The service grid is the communication layer in the micro-service setup, which means that all requests to and from each service pass through the grid. The service grid also becomes the infrastructure layer in the micro-service setup, which makes the communication between services secure and reliable. We have covered the basics of Service Mesh in detail in this article.

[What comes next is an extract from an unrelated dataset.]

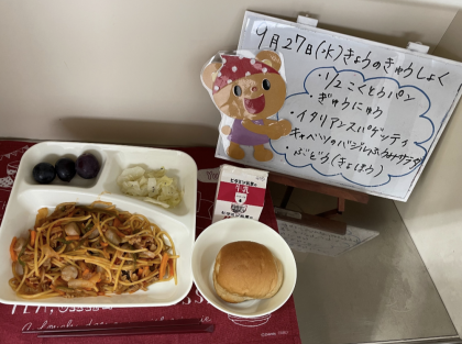 今日の給食は、1/2黒糖パン、牛乳、イタリアンスパゲッティ、キャベツのバジル風味サラダ、ぶどう(巨峰)です。

Each service has its own proxy service (sidecars), and then all the proxy services form a service grid together. Sidecars handles communication between services, that is, all traffic passes through the grid and the transparency layer controls how services interact with each other.

Service grid provides observability, service discovery and load balancing through components controlled by API.

In fact, if one service invokes another service, it does not invoke the target service directly. Instead, the request is routed to the local agent, and then the agent routes the request to the target service. This process means that the service instance does not have direct contact with other services and only communicates with the local agent.

According to ThoughtWorks Technology Radar, a semi-annual document that assesses the risks and benefits of existing and emerging technologies, "the service grid provides consistent discovery, security, tracking (tracing), monitoring, and fault handling without sharing resources (such as API gateways or ESB). A typical use case is a lightweight reverse proxy process deployed with each service process or separate container."

When it comes to service grids, it's inevitable to talk about "sidecar"-- the proxies that can be used for each service instance. Each sidecar is responsible for managing an instance of a service. We will discuss sidecar in more detail in this article.

What can the service grid deliver?

At present, more and more enterprises and organizations begin to turn to micro-service architecture. Such enterprises need the above capabilities provided by the service grid. Decoupling the use of libraries or customizing the code is undoubtedly the winner.

Why use Envoy?

Envoy is not the only choice to build a service grid, there are other agents on the market, such as Nginx, Traefik and so on. I chose Envoy, a high-performance agent written in C++, because I prefer Envoy for its lightweight, powerful routing, observability and scalability.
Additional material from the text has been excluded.